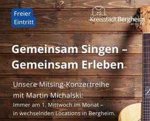 Am Mittwoch, den 5. November 2025, 16.00 Uhr – 17.00 Uhr, wird im Pfarrheim in Ahe, neben der Katholischen Kirche, ein „Mitsing-Konzert“ angeboten. Der Gitarre spielende Martin Michalski lädt ein, Lieder in Gemeinschaft mit ihm zu singen. Der Eintritt ist frei. Veranstalterin ist die Stadt Bergheim. Eingeladen ist jeder Mensch, der Lust am gemeinsamen Singen hat und für eine gute Stunde einmal auf andere Gedanken kommen möchte
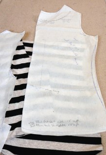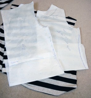 These patterns show the dropped neckline needed for this dress. While I’ve shaped the centre back pattern for an Alexa top, I kept the centre back on the fold so this dress top would billow.
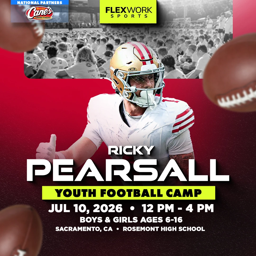 Over the course of the day, San Francisco star wide receiver Ricky Pearsall and our FlexWork Sports coaches will guide your child through an exciting, high-energy day designed around fun and unforgettable experiences on the field. Camp activities include interactive sessions, skill stations, and unique opportunities to connect with our athletes in ways that make the game come alive.

** AIM OF THE EXERCISE **
Every line from the one that holds "These patterns show" to the end of the listing should be output exactly, with pictures left out, please.

** ANSWER AREA **
 These patterns show the dropped neckline needed for this dress. While I’ve shaped the centre back pattern for an Alexa top, I kept the centre back on the fold so this dress top would billow.
 Over the course of the day, San Francisco star wide receiver Ricky Pearsall and our FlexWork Sports coaches will guide your child through an exciting, high-energy day designed around fun and unforgettable experiences on the field. Camp activities include interactive sessions, skill stations, and unique opportunities to connect with our athletes in ways that make the game come alive.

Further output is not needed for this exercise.